Après son Prix d'Interprétation à Cannes en mai dernier pour Antichrist (lire l'article du 18 juin 2009), l'année 2009 continue pour la prolifique Charlotte Gainsbourg puisqu'en parallèle de la sortie de Persécution, le nouveau film de Patrice Chéreau, elle publie IRM, son troisième écrit et produit par Beck.
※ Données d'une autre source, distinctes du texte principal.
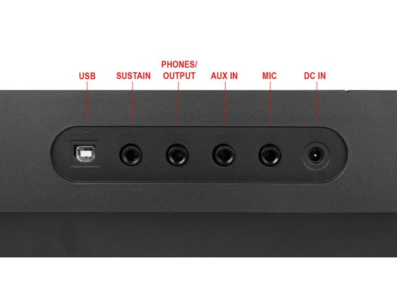Aansluitingen: DC-power, USB-MIDI, headphone / output (6,3 mm jack), input (6,3 mm jack), microphone (6,3 mm jack), pedal sustain
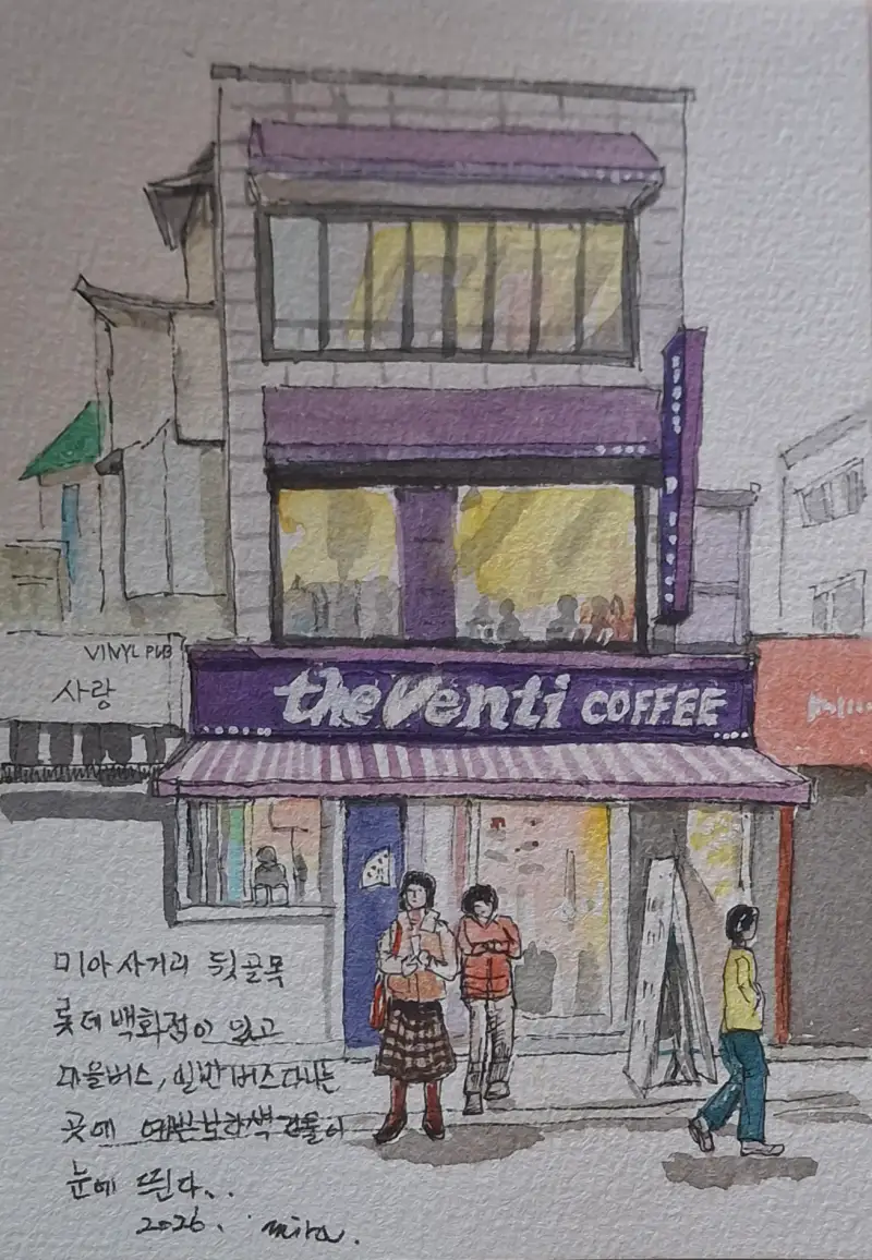 미아 사거리 뒷길이지만 마을버스와 일반버스가 다니는 넓지않은 길에 보라보라한 예쁜 카페가 있어요. 지나다니며 볼때 마다 한번 꼭 그려보고 싶은 곳이었어요. 마침 카페그리기 챌린지 덕분에 드디어 그려봅니다.
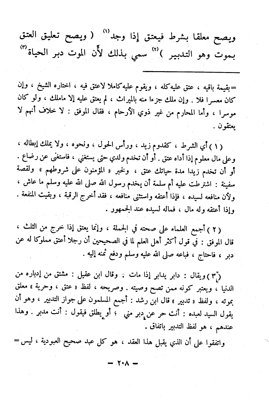 (¬3) ويقال: دابر يدابر إذا مات. وقال ابن عقيل: مشتق من إدباره من الدنيا، ويعتبر كونه ممن تصح وصيته. وصريحه، لفظ «عتق، وحرية» معلق بموته، ولفظ «تدبير» قال ابن رشد: أجمع المسلمون على جواز التدبير، وهو أن يقول السيد لعبده: أنت حر عن دبر مني؛ أو يطلق فيقول: أنت مدبر. وهذا عندهم، وهو لفظ التدبير باتفاق.

En 2006, Charlotte Gainsbourg enregistrait un album pour la première fois depuis vingt ans et pour la première fois sans la direction de son père. Avec Air, Jarvis Cocker ou encore Neil Hannon, elle publie 5:55 qui se vend à 500 000 exemplaires (dont 300 000 en France). Après le succès mérité de ce disque, elle se replonge dans le cinéma. En 2009, elle revient avec ce disque entièrement conçu par Beck et elle-même.
L'artiste Beck, révélé il y a une quinzaine d'années, est un musicien extrêmement doué et touche-à-tout (pop, rock, funk, électro…). C'est lui qui a organisé le projet IRM. Il a écrit et composé tous les titres avec la participation de Charlotte Gainsbourg pour certains textes et pour la première fois. Elle en témoigne : "Il m'a poussé à écrire en français, j'ai essayé, mais je trouve ça difficile en chanson. (…) Je me suis donc contentée de sélectionner des poésies d'Apollinaire et de les dire". Dans ce disque très réussi et varié, se côtoient ballades pop, sonorités électro, rock, folk, percussions africaines, tout un monde. L'album correspond selon l'intéressée à son état d'esprit au moment de l'enregistrement. "J'avais emporté avec moi un recueil d'Apollinaire dans lequel j'ai pioché des thèmes (le mémoire, le temps, la mort) pour La Collectionneuse". Autre référence littéraire, Lewis Caroll et son De l'autre côté du miroir pour le morceau Looking glass blues, disponible sur l'édition "deluxe". Le disque est porté par le single Heaven can wait, en duo avec Beck, qui n'est pas sans rappeler les ballades des Beatles.
Beck joue de tous les instruments, assure les chœurs (et même un duo), conçoit et produit IRM mais Charlotte Gainsbourg a pris une part plus active, selon elle, que dans la réalisation du précédent disque. "On écrivait ensemble dans le studio, chacun dans son coin au début, et puis il m'a vraiment sollicitée, en guettant mes réactions, en les intégrant à son travail" déclare-t-elle. Beck lui a fait découvrir des artistes importants de la scène indie comme la géniale M.I.A., le grand groupe Animal Collective ou Grizzly Bear. La chanson Voyage est une variation sur Voyage au bout de la nuit de Céline, que la chanteuse venait de lire. L'écriture étrange et l'ambiance fantomatique sont un joli exemple de la collaboration entre Beck et sa muse. On retrouve aussi une reprise, celle d'une chanson québécoise des années 1970, Le chat du Café des Artistes, au texte ironique et que Serge Gainsbourg aurait certainement apprécié. D'ailleurs, si Beck n'a jamais évoqué le père de la chanteuse, on entend de nombreuses références ; les arrangements de Vanities et Le chat du Café des Artistes font sérieusement penser à la collaboration du maître avec Jean-Claude Vannier sur L'histoire de Melody Nelson et L'homme à la tête de chou. La chanson IRM, qui donne son nom à l'album et compte parmi les meilleures, est basée sur le véritable bruit des IRM (Imagerie par Résonance Magnétique). Charlotte Gainsbourg en a subi énormément en 2007, suite à son accident cérébral et ces lourdes basses électro donne un aspect oppressant au morceau, sensation vécue dans les cabines où elle passait ces examens.
L'album est enthousiasmant du début à la fin, mais les chansons que je préfère sont sûrement IRM, Time of the assassins, Vanities, Greenwich Mean Time, Trick Pony ou In the end. A 38 ans, Charlotte Gainsbourg est une artiste épanouie et accomplie. Elle envisage même de monter sur scène et de donner des concerts pour la première fois au printemps 2010.